Anyway, I stopped feeding my daughter to sleep, and instead held her, or got my husband to hold her, we would look into her eyes reassure her gently, as she cried. I did the same on the first waking of the night, she cried a bit sometimes and then went straight back to sleep, gradually her wakings reduced and within a couple of weeks she was sleeping through the night. We still co-sleep just because i like it, but you don't have too.

This method is amazing, you are healing your child's emotions as well as helping them sleep better, so they become relaxed and happier. It can take a while to get your head around the crying involved which can be big or small depending on the baby and their life experience, but if you read up on it, you can see how stopping children from expressing their feelings is actually not a good thing. Stress hormones are released through tears which is why this method helps children relax. Any doubts I had melted away when I saw the relaxed blissed out look on my daughters face as she fell asleep after a good cry, and she was a much happier baby in the daytime, less clingy and genuinely chilled out.
this is an article that explains a bit more.

rhetorician Sat 29-Sep-12 17:02:21

thank you cloudhands - I'll look at the link. I don't think she is waking because she is hungry certainly. She is actually a very easy going baby, or so it seems - some separation anxiety, but maybe there's something else going on

cloudhands Sun 30-Sep-12 06:18:41

Hi rhetorician,

I'm happy to help.

my daughter was always happy and easy going in the day too, just the sleep was a problem! It could well be the seperation anxiety that's keeping her awake. I don't know of a baby that doesn't have some sort of seperation anxiety! Patty Wipfler, who founded the organisation hand in hand, says that it's just part of the human condition, but some crying to release her seperation anxiety a bit would help her relax enough to sleep,

Feel free to ask, if you've got any questions, if you decide to try it.

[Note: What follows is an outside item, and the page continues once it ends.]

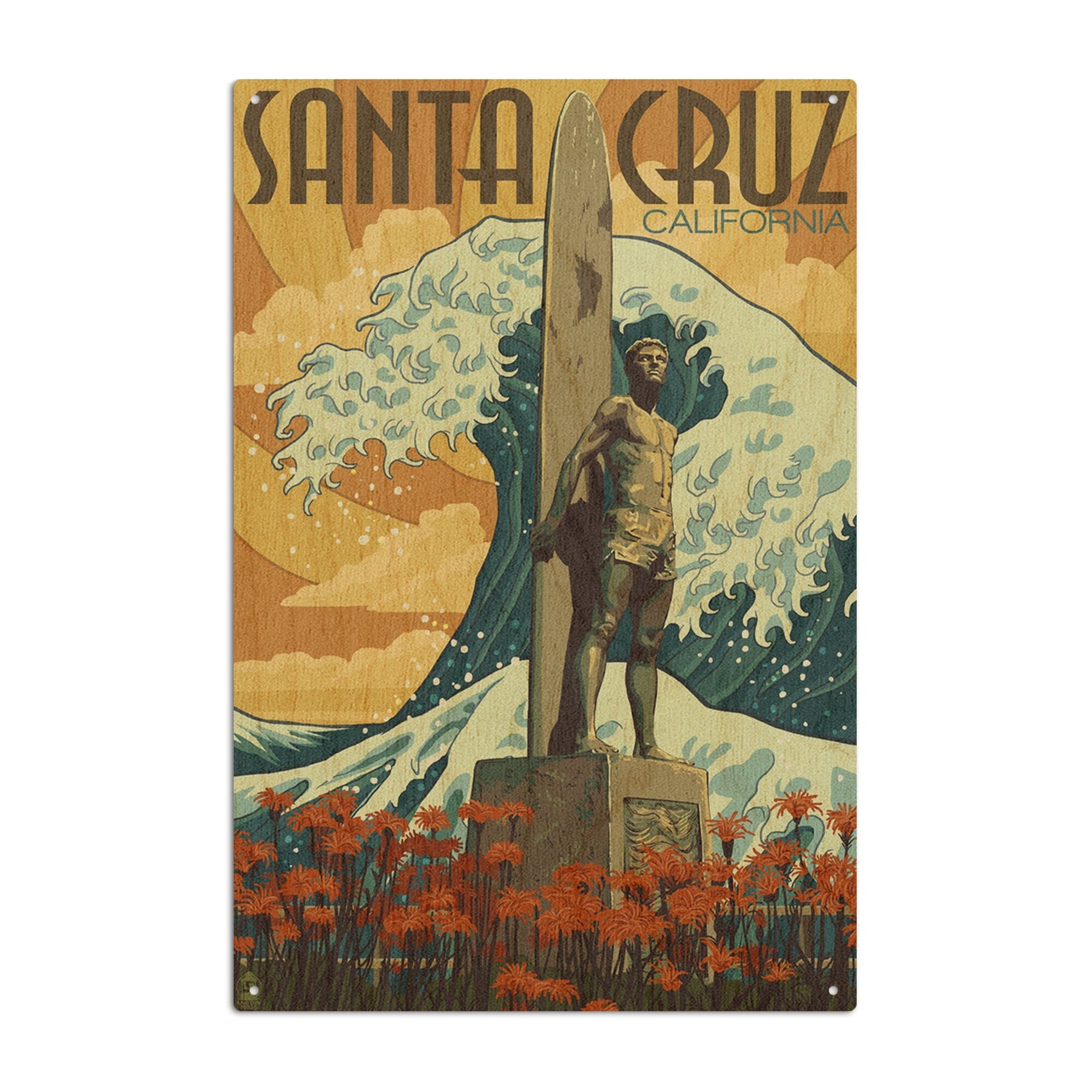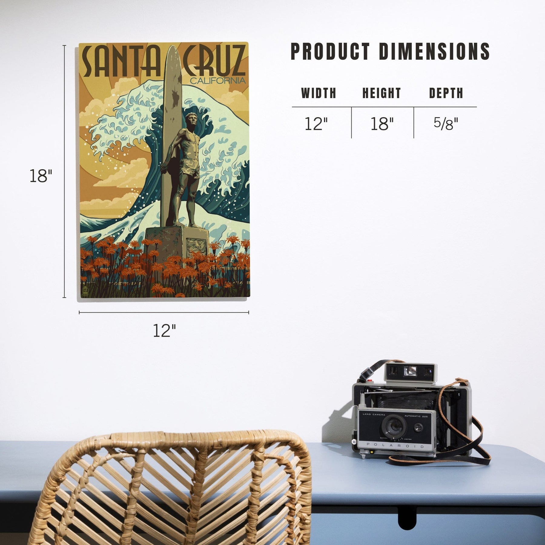 Santa Cruz, California, Surfer Statue, Lantern Press Artwork, Wood Signs and Postcards Wood Lantern Press

GodisaDj Sun 30-Sep-12 07:02:33

This linkl
is a gentle method to night weaning and offers useful info & advice on sleeping; although the method is recommended for babies 12 months plus.

Have you read No Cry Sleep solution (by someone Pantry)? Again, lots of advice and methods. This book was a "light bulb" moment for me; more a realisation that babies cry, don't sleep through by 12 months (like everyone and his dog will have you believe!) and doing what you doing (feeding to sleep, co sleeping) is normal! Definitely recommend this book.

GirlWithTheMouseyHair Sun 30-Sep-12 07:33:52

I'm in your boat - DD also 10months, we've gone from one sleep crutch to another to another and most I've been fine with though would rather mind at all and she just sleep through!!

That reassurance thing sounds lovely, just not convinced it'll work withDD but I am crap(hate) at CC.

We can't co sleep because she windmills and I am kept awake all night!

cloudhands Sun 30-Sep-12 11:46:39

hey Girl with the mousey hair, what I love with the method that I explained above is that there is no sleep crutch, you take away the need for them, because the babies just relax by crying and relaxing, but with you there, so it is not at all like cc which I also hate!

I heard somewhere that if you use CC then the baby will turn into a toddler who wakes from nightmares, because they dont feel safe.

Pantley is good and gentle, and very understanding about feed to sleep and co-sleeping, which is nice, but in effect if you feed to sleep, the baby is just using boob as a crutch and not letting go of their tension and upset from the day,

wishing you all a pleasant nights sleep!